Questa volta il nostro non si è coordinato con Belpietro che, il 28 agosto su Libero, scriveva "La toga rossa che inchioda i compagni", riferendosi a Walter Mapelli, il pm di Monza che non fa mistero di appartenere a "Magistratura Democratica" e che indaga su Penati.


Sallusti è un ometto che sbava fiele, ricordandosi del nonno fascista probabilmente. Uno che si è sentito "moralmente autorizzato all'evasione fiscale" da mister Berlusconi e non dal signor Enrico Berlinguer. Uno dalla parte di chi non si è limitato a corrompere un giudice.
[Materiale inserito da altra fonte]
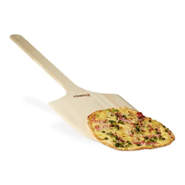 Baka och servera pizzor som ett proffs med denna extra stora pizzaspade i trä, designad för enkel hantering och säker användning i ugnen. Den rymliga spaden och det extra långa handtaget gör den perfekt för att förbereda, servera och presentera pizza, bröd eller tarte flambée. Tillverkad av naturligt, livsmedelssäkert furu, fungerar den även som en dekorativ köksaccessoar.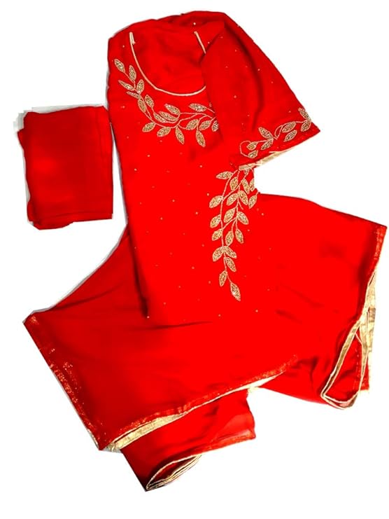 Type:Salwar Suit Material Sales Package:1 top, 1 bottom, 1 dupatta Ideal For:Women Occasion:Casual Fabric Care:Hand wash Bottom Length:2.20m Dupatta Length:2 m - 2.5 m Top Length:2 m Fabric:Georgette Pattern:Embroidered Stitching Type:Unstitched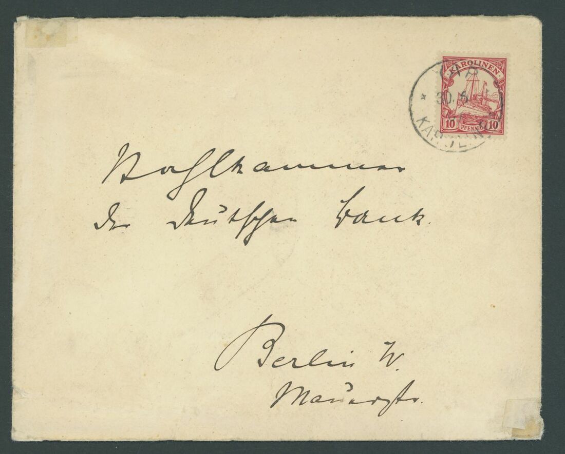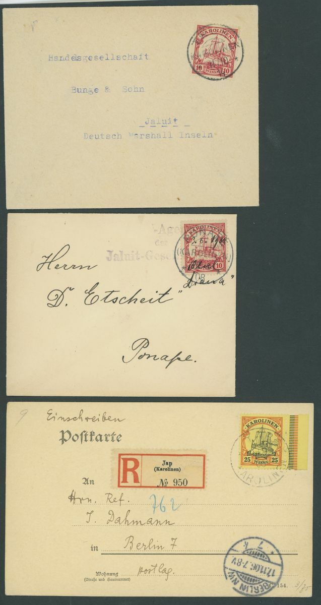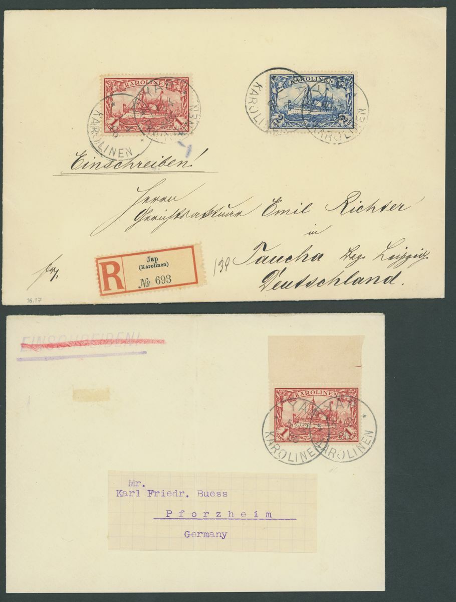 Selection of five covers and a card, including 25pf. on card Registered from Yap to Berlin, 1m. on covers from Yap to Pforzheim, 1m. and 2m. on cover Registered from Yap To Taucha, 10pf. on cover from Yap to Berlin with blue Yap seal on the reverse, 10pf. on Ponape local cover with additional manuscript cancellation, etc.; good to fine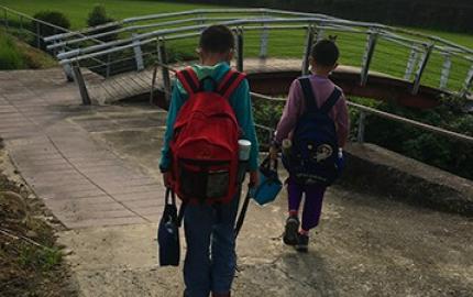 某天,小欣在玩耍中撿來很多石頭、磚頭與木板,將原本泥濘易濕滑的土地加工,建造一條安全穩定的路讓婆婆跟爺爺行走,才不會滑倒。
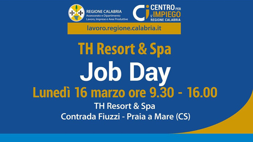 Lunedì 16 marzo (ore 9.30 – 16.00): TH Resort & Spa, in collaborazione con il Centro per l’impiego di Paola. L’evento si terrà presso la sede del resort in Contrada Fiuzzi a Praia a Mare (CS). Si ricercano 39 addetti.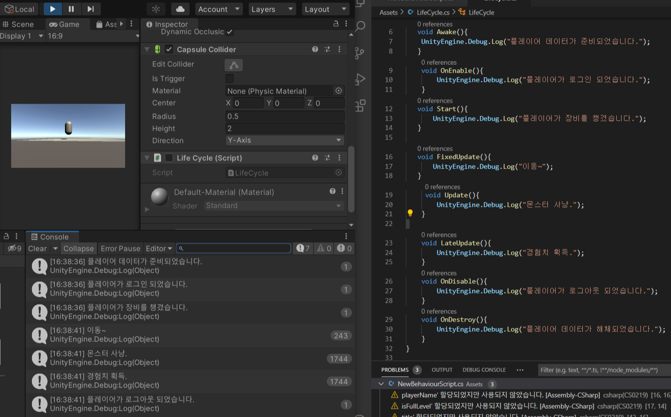 OnDestroy: 게임 오브젝트가 삭제직전에 무언가 남기고 삭제된다 <게임 오브젝트는 삭제하지 않고 켜고 끌수도 있다.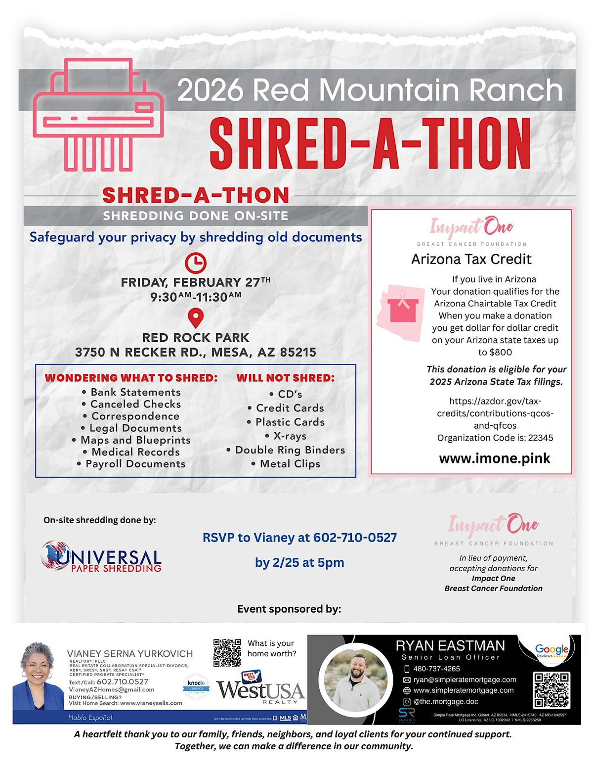 SHRED-A-THON: Protect your privacy with on-site document shredding. RSVP by 2/25 at 5pm. In lieu of payment donation accepted for IMPACT ONEAbout this Event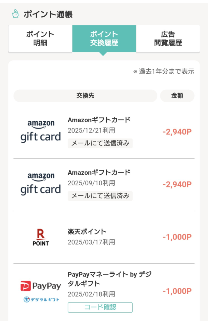 これまでも楽天市場で買い物をするとき、忘れなければ「モッピー」を経由するようにしていました。改めて交換履歴を確認すると、累計で5,000円分以上のポイントを交換していました。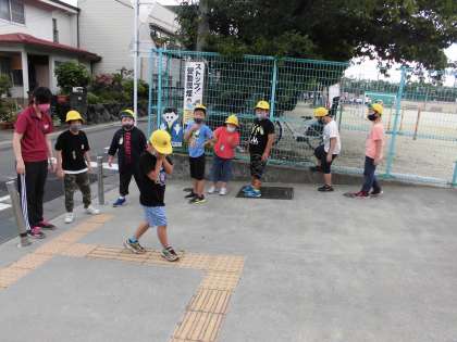 見つけたあと,目をつぶって実際に点字ブロックの上を歩いてみ
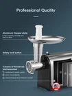【Potente y Rápida】La picadora de carne cuenta con un potente motor (300W, 3200W de potencia máxima bloqueada). Le ayuda a moler grandes cantidades de carne en menos tiempo, facilitando su preparación durante la temporada alta de caza. Perfecta para carne de res, pollo, cerdo, venado, pescado y más. 【Asistente de Cocina Versátil 3 en 1】La picadora de carne no solo prepara salchichas y kibbeh tradicional, sino que también procesa diversas carnes. Ya sea bratwurst, chorizo picante, salchicha de pollo, salsa boloñesa, albóndigas o hamburguesas, la picadora le ayudará a prepararlo fácilmente. 【Más Saludable y Segura】La picadora de carne eléctrica está fabricada con materiales de grado alimenticio y acero inoxidable de alta calidad. Equipada con un motor 100% de cobre puro, tiene una mayor vida útil. La picadora de carne puede procesar fácilmente diversas carnes y verduras. La perilla de bloqueo y la protección contra sobrecargas brindan seguridad de uso. La picadora de carne se apagará si se produce sobrecalentamiento o sobrecarga.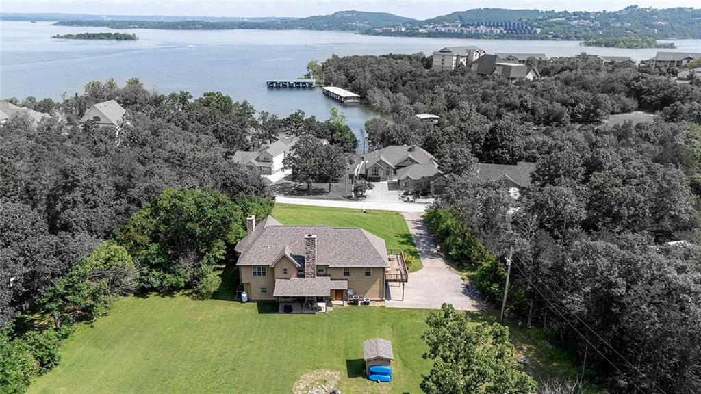 Lakeview Luxury Living Just Steps from Table Rock Lake. Experience the ultimate in lake lifestyle and year-round vacation living in this elegant and spacious two-story home, located directly across the street from the stunning Table Rock Lake. Designed with comfort, style, and entertainment in mind, this beautifully furnished residence offers the perfect retreat for families, guests, and outdoor enthusiasts alike. Step inside to a light-filled, open-concept layout featuring heated and cooled floors on the main level, a grand bay window that frames picturesque views, and soaring ceilings that enhance the sense of space. The gourmet kitchen is a chef’s dream, complete with a double oven, gas stove with an overhead water pot-filler, and a wine rack with built-in wine cooler—ideal for hosting unforgettable gatherings. Off the kitchen, a cozy bonus room with a fireplace provides a perfect spot to relax or entertain. Upstairs, you'll find a custom-built bar and entertainment area—separated from the bedrooms for added privacy—opening onto a deck where you can unwind and take in tranquil lake views. Zoned air conditioning ensures comfort throughout, and with all furnishings and kitchen appliances included—plus a washer and dryer on the second floor—this home is truly move-in ready. Located just minutes from the vibrant towns of Hollister and Branson, you'll have easy access to a wide variety of dining, shopping, and entertainment options. Outdoor activities abound, from boating and fishing to hiking and lakeside adventures—right outside your door. Whether you're looking for a full-time residence, vacation getaway, or a prime investment opportunity, this lakeside gem offers it all.

Certamente i "comunisti" non si sono fatti sfuggire le loro belle occasioni, anche il cesto di frutta più bello nasconde il verme. Ad ogni pagliuzza da questo lato, però, corrispondono dieci travi da quell'altro. I "liberi servi", non riuscendoci col profumo, provano a nascondere la propria merda con la cacca delle mosche.

Querele / 4



Ospite del tg3 linea notte, assieme ad Antonio Padellaro (direttore de Il Fatto), il direttore de il Giornale, Alessandro Sallusti, si scatena lancia in resta contro il Pd e Michele Santoro. Giustifica le parole furiose pronunciate dal premier durante un colloquio telefonico con Valter Lavitola (“vado via da questo paese di m…”) e loda con enfasi la nuova manovra economica del governo. Nel frattempo, Il Pd querela Alessandro Sallusti, proprio per le sue esternazioni contro il partito “Le parole pronunciate nel corso della trasmissione” TG3 Linea Notte “del 1° settembre – ha dichiarato Antonio Misiani, tesoriere del partito – sulle tangenti che il Pd avrebbe preso sul caso di Sesto S. Giovanni sono infondate, vergognose e inaccettabili”. (Fonte)
Lui ha una faccia da schiaffi, non ci piove. Chi lo paga, colui che "scendendo in campo" ha ripianato i debiti, evitato il carcere e si è arricchito, una faccia sempre meno curata. Mostrano entrambi quel che sono: uomini finiti.